Going through my previous mortgages and refinances, I show I have already paid about 25k in debts she took on without my knowledge. I don't know why I kept doing it, but she picked me out of the gutter when I was 22, and for some stupid reason, I hold that close, and I just kept letting her get away with it. Every time, I thought she learned a lesson. Apparently, neither of us did.

Yeah, I think she's fully responsible for half the debt if not more. The problem is that she can't pay it. Even with my child support, she won't make it. I can actually get out of paying support all together (won't discuss why because of legalities) but I won't do that. As angry as I am with her, I can't let her starve, and I sure won't my daughter starve. Even if she agreed to pay half, they would come after me when she defaulted.

As for spousal support, From the time my daughter was born until she was 12, we worked opposite shifts and shared all responsibility. She was never a stay at home mom, nor has our marriage ever effected her career in a negative way, she also has a college education (that I paid a collection agency about 3k to pay it off) So, I find it unlikely that she would get it anyway. I make 70k, she makes 24k...... so..... that may be a bit of an issue.
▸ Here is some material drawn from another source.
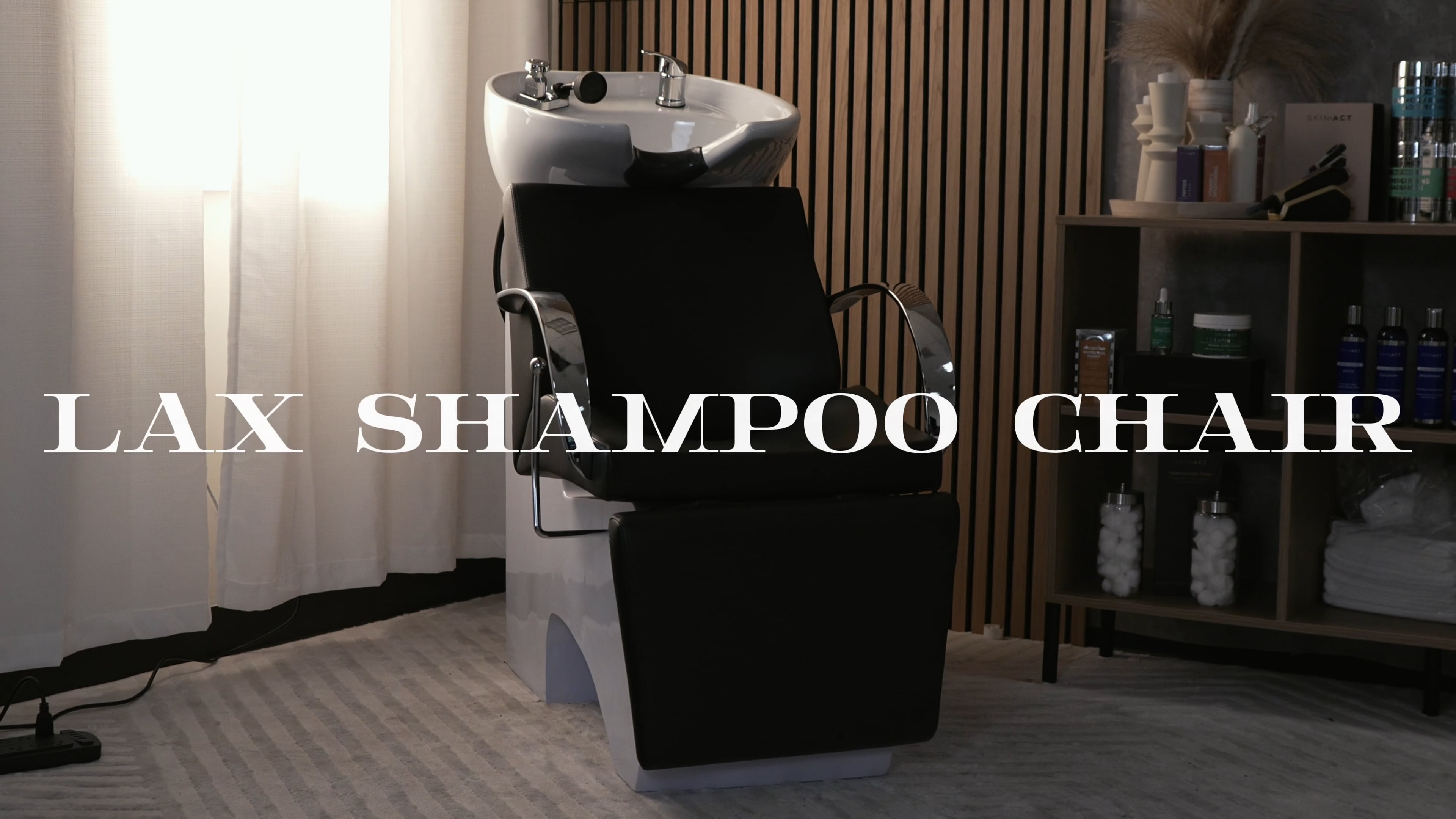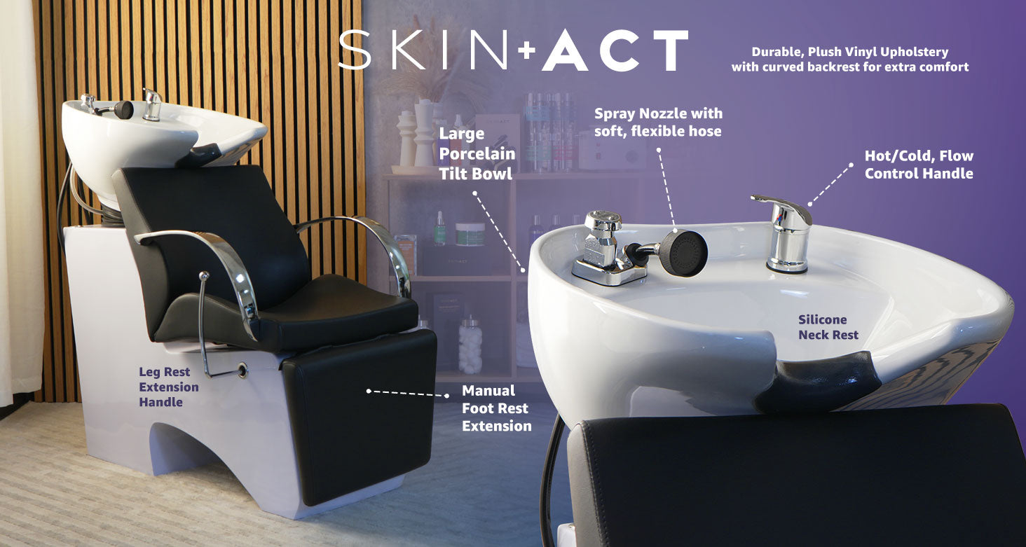 The Lax Shampoo Chair from SkinAct is a sleek and durable backwash unit featuring a porcelain tilting bowl, faucet with soft-spray hose, and a silicone neck rest atop an arched, cushioned seat. It includes a reclining footrest, chrome armrests, a drain assembly with strainer, and a vacuum breaker for professional-grade plumbing compatibility. With generous dimensions (54″ fully extended length, 23.5″ arm‑to‑arm width, bowl height at 40″, seat height at 20″), this chair offers clients luxurious comfort, all backed by a reassuring 1‑year warranty.

I did meet up with a mortgage specialist today. When I gave a brief description as to what was going on, he came in on his week off to crunch numbers for me. He says he can pull it off, but it won't be easy, and that is if my wife will sign the papers she says she will. meaning that I pay her $400/month for 36 months instead of $650. That still puts me paying a lot more debt, and the interest to boot. According to my budget, that will leave me with $375/month (before any OT or bonuses, but you can't budget those things) for food,unexpected expenses and gas. Not a pretty picture, but that would give me the house, my truck, and my sled. I can do without my truck and sled, but if they are repossessed, then my credit is screwed anyway.